30 Day Run Challenge: What it’s like to run every day for a month
I recently embarked on a 30 day running challenge with my friend, Lisa and the question we probably got asked the most about it was, ‘Why..?!’
It’s a fair question, really… It began with a conversation we had about people who had managed to run every single day for a year. That seemed quite ambitious, but maybe we could try doing it for a month?
I was pretty apprehensive about it. Although I’ve been running a couple of times a week or so for the past two years, I’ve never been the athletic type and had only just about recovered from an achilles strain. I thought at my age I needed a day’s rest between runs, really. But at the same time I was quite keen to challenge myself (having a tendency to shy away from anything I considered ‘too hard’ normally).
Perhaps the consistency would improve fitness and instill a good routine going forwards – after all, if we could accomplish this, surely 3 or 4 regular runs per week wouldn’t seem out of the question. I figured I could only see and if my 47 year old body said NO! then at least I’d tried.
We scheduled our runs around work commitments and only ran a few separately, when our diaries kept us apart. I found a chart that we could print off to count down the days and it looked daunting. We decided to keep the distances around 5km or less each day to hopefully avoid strains.
Although this was not at all about weight loss, I did weigh myself at the start just out of curiosity to see if running daily made any difference.
During this time, my dad sadly passed away.

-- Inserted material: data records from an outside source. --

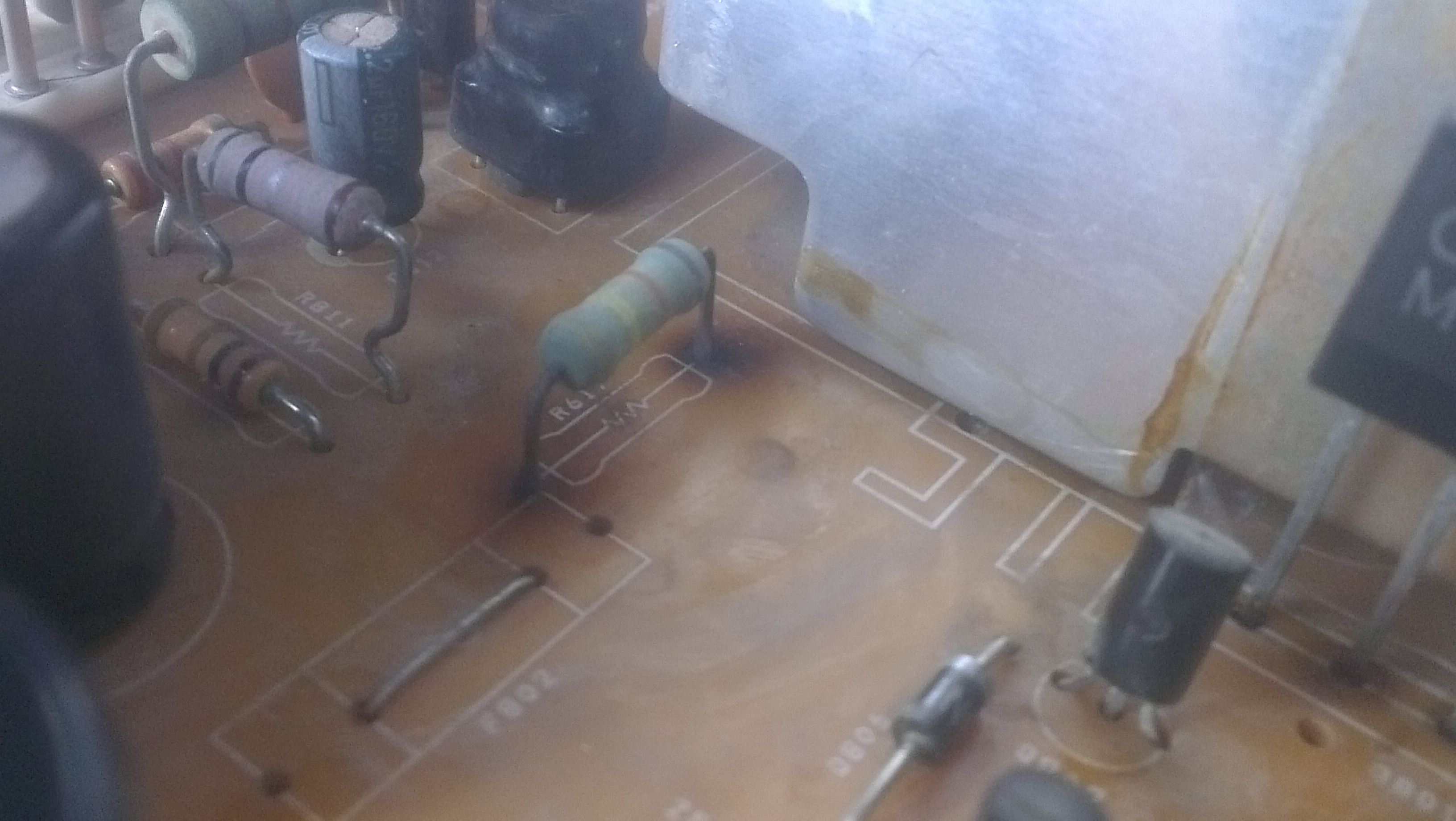 Por hoy parare ya estoy algo fatigado y si parece que ya identifique la falla en el Chasis una de las resistencias parece ponerse al rojo vivo después de un rato seguramente no se uso la indicada en caso de que el hombre que me hizo el trabajo no responda por su mal trabajo, saben como puedo averiguar de que valor es la resistencia correcta para mi chasis (cuando fallo el me dijo que esa resistencia estaba mala así que asumo que la cambio y lo hizo por una incorrecta y por lo tanto esta fallando por lo tanto ver sus valores con el código de colores no creo que sea una opción buena) para cambiarla yo mismo. Ahora también creo que los potenciometros están malos ya que a pesar de que se que el chasis anda mal mi monitor enciende y manda una buena imagen pero ajustarla me es imposible por lo tanto si quiero cambiarlos ahora la pregunta es ¿como identificar los valores de estos con el multimetro? ¿que les mido? (como dije soy noob en esto), ¿donde consigo los potenciometros nuevos? y¿ como los vuelvo a instalar?.
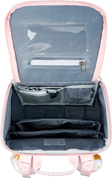 Il sistema di apertura a ribalta, l’organizer interno con elastico, la tasca trasparente per l’orario e la tasca frontale isolata sono perfetti per merenda e piccoli oggetti.
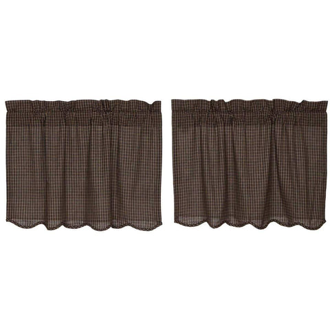 Bring a primitive look to any window with the Kettle Grove Plaid Prairie Swag Scalloped Set with its black and tan micro check fabric. Includes drawstring ties.Features PREMIUM CONSTRUCTION: with over two decades experience crafting goods for American homes, our item are built to last for years to come. PRIMITIVE DECOR: traditional style that compliments any primitive or Americana home....
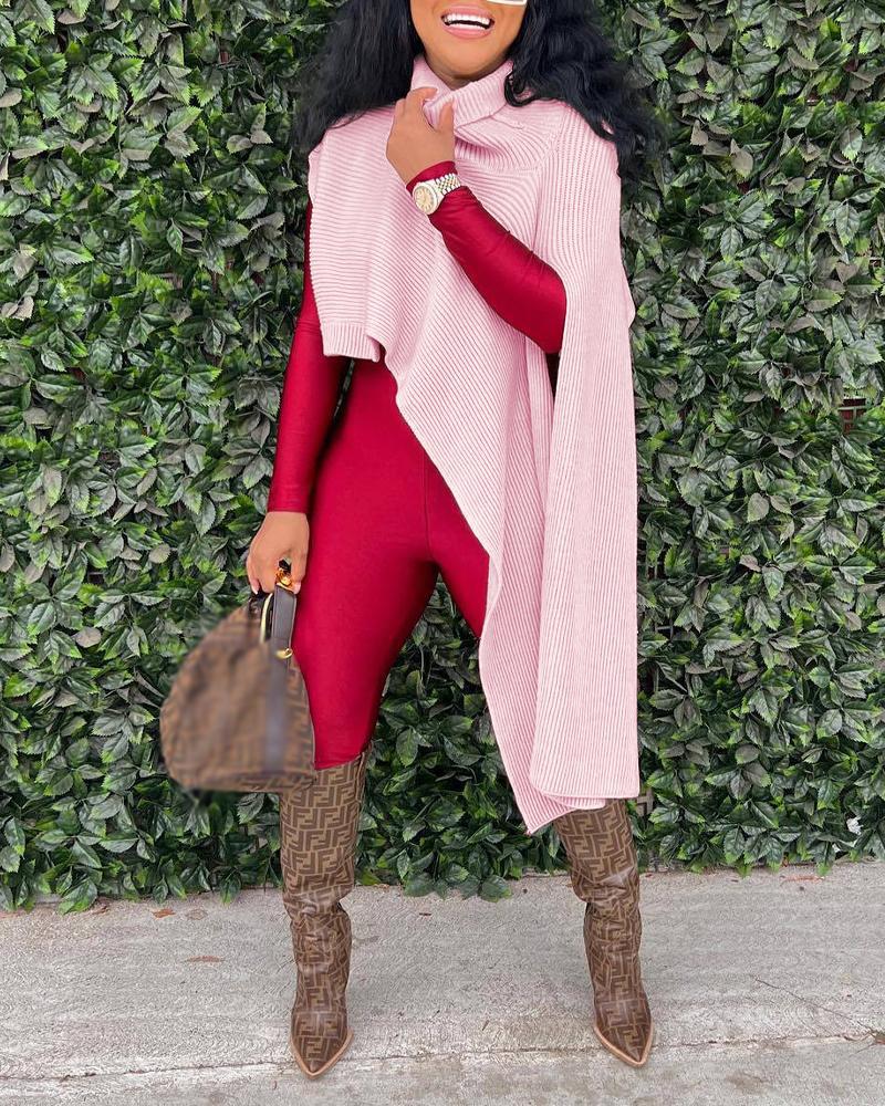Style:Casual Type:Sweater Material:Acrylic Neckline:Turtleneck Sleeve Style:Long Sleeve,Split Sleeve Length:Asymmetrical Pattern Type:Plain Fit Type:Regular Occasion:Daily Package Include:1*Sweater
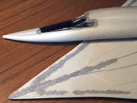 修正を続けるうちに機首部分と主翼部分がだいたい仕上がったのでこれらを接着します。ただこれらの接合部分にもかなりの隙間が出来ます。なるべく隙間が出来ないよう機首部分をかなり強く押しつけて接する基部が広がるようにし瞬間接着剤で固めます。

Although he was poorly and had been for a while, it was extremely difficult. But I felt like I wanted to carry on with the challenge ad I think it helped me in a way.
I kept a bit of a diary and here’s what I found during those 30 days:
Day 4-6 (Crappy early days)
Because I’d never run on consecutive days before, I was a bit preoccupied, worrying about getting an injury. By our fourth consecutive run, my calves were pretty achey and lower back niggling a bit. I was so tired, I felt like I could fall asleep in the kitchen making dinner. I was in a bit of a negative mindset at this stage because the wall chart showed sooo many days left.
On Day 5 I woke up in a more positive mood and although I still ached, I felt a run was possible. We kept it short at 3.6km but it felt hideous. Breathing tough, couldn’t talk. Still, we did it and I even went to a circuit training session in the evening. On Day 6 I did a class in the morning that concentrates on strengthening the core. I felt the benefit of all those resistance band stretches and was ready for run number 6.
Day 10-11 (Habit forming)
By day 10/11 I had kind of got used to the idea of going for a run every day. (It’s weird how quickly something can become a habit.) My lower legs still hurt, so afterwards I used a foam roller on my calf muscles. My ankle wasn’t 100% but I was strengthening it with heel dips on the stairs and, although sore, it didn’t feel like I was making it any worse by running on it.
Days 13-18 (Feeling fitter)
Yes – still with the sore legs! This had become the norm, but mainly in the mornings (when I adopted an old lady shuffle) and straight after a run. But I also felt like they were recovering better between sessions. Feeling fitter already, my calf and thigh muscles looked pumped up and I could feel some glutes. I was also hitting a few personal bests on the roads I’d run lots of times before, so speed/stamina had improved.
On Day 18 we ran a pacey 5km run around our local water park and both agreed that it was actually enjoyable! I felt capable and strong that day, grateful to my body for being able to do this.
Day 19 – 23 (Losing my dad)
By this stage it felt totally normal to fit in a run each day. The washing machine always had running gear in it.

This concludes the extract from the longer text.